Her research took her to unexpected places and underexplored characters. “How would Native Americans [such as the Peter Pan character Tiger Lily] have gotten to Neverland?” Murphy asks. “Well, historically, one job they could get was in traveling Wild West shows. I wanted to talk about the dark parts, the characters who were unrepresented.” When trying to align the Holmes and Peter Pan story lines, she hit quite a bit of fandom dispute. “Working with real historical facts seemed easy compared to figuring out the timeline of a much-studied and not entirely consistent fictional universe.”

H.G. Parry describes her next historical fantasy, A Far Better Thing (Tor, June), as a “very close retelling” of A Tale of Two Cities, whose plot hinges on the near-perfect resemblance between Sydney Carton and Charles Darnay. In Parry’s vision, faeries stole the infant Sydney from his crib and replaced him with changeling Charles, and now, Sydney wants revenge.

Historical fiction “gives you a place to start,” says Parry, an academic by training. “My instinct is to go to the texts, analyze them, see what I can pull out.
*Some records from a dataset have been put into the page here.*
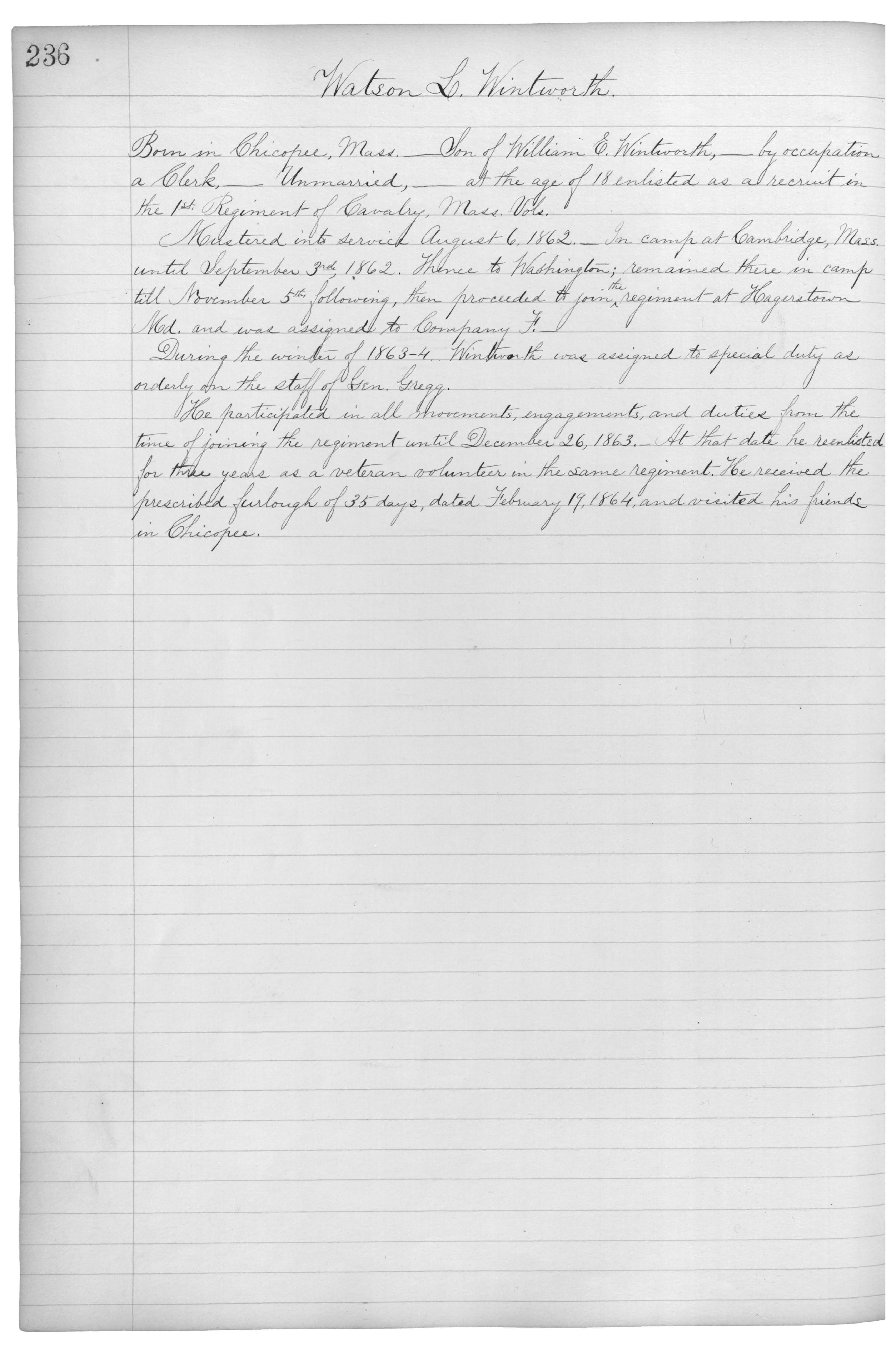 Born in Chicopee, Mass._Son of William E. Wintworth,_by occupation a Clerk,_Unmarried,_at the age of 18 enlisted as a recruit in the 1st Regiment of Cavalry, Mass. Vols.
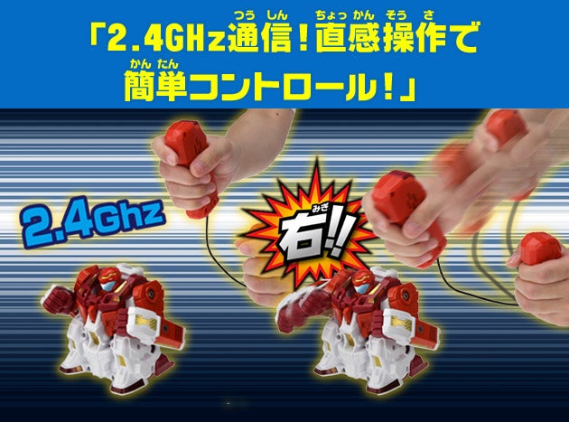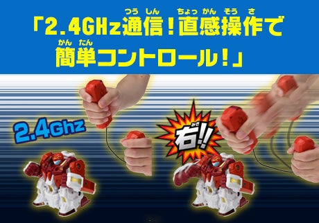 コントローラーと機体が2.4Ghzで通信することで一体感の高い操作性が実現!右手を振れば右パンチ!左手を振れば左パンチ!機体の動きに合わせて前進。直感操作で相手をブッ飛ばせ!
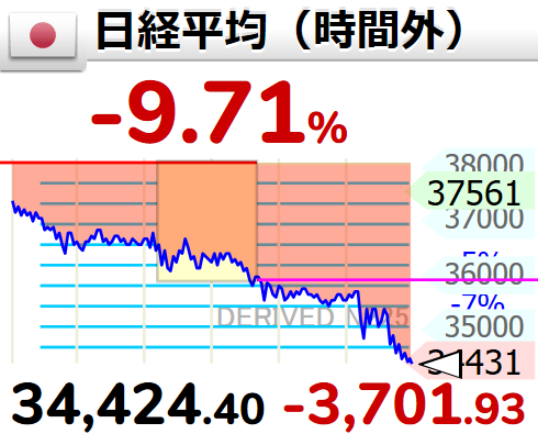 日本では株価が6%以上急落。2016年6月24日以来最大の下落となり、東証グロース250先物 ででは2回のサーキットブレーカーが発動されました。

In some ways, historical fiction has a lot of that same worldbuilding aspect as fantasy books.”

Those magical historical worlds, Parry adds, give readers a friendly place to land amid their daily stresses and concerns. “We go to historical fantasy the same way we go to science fiction or epic fantasy when we’re having a difficult moment. It provides a comforting distance, and it’s a rich field for talking about what we see happening in the everyday world.”

Liz Scheier is a writer, editor, and product strategist living in Washington, D.C. She is the author of the memoir Never Simple.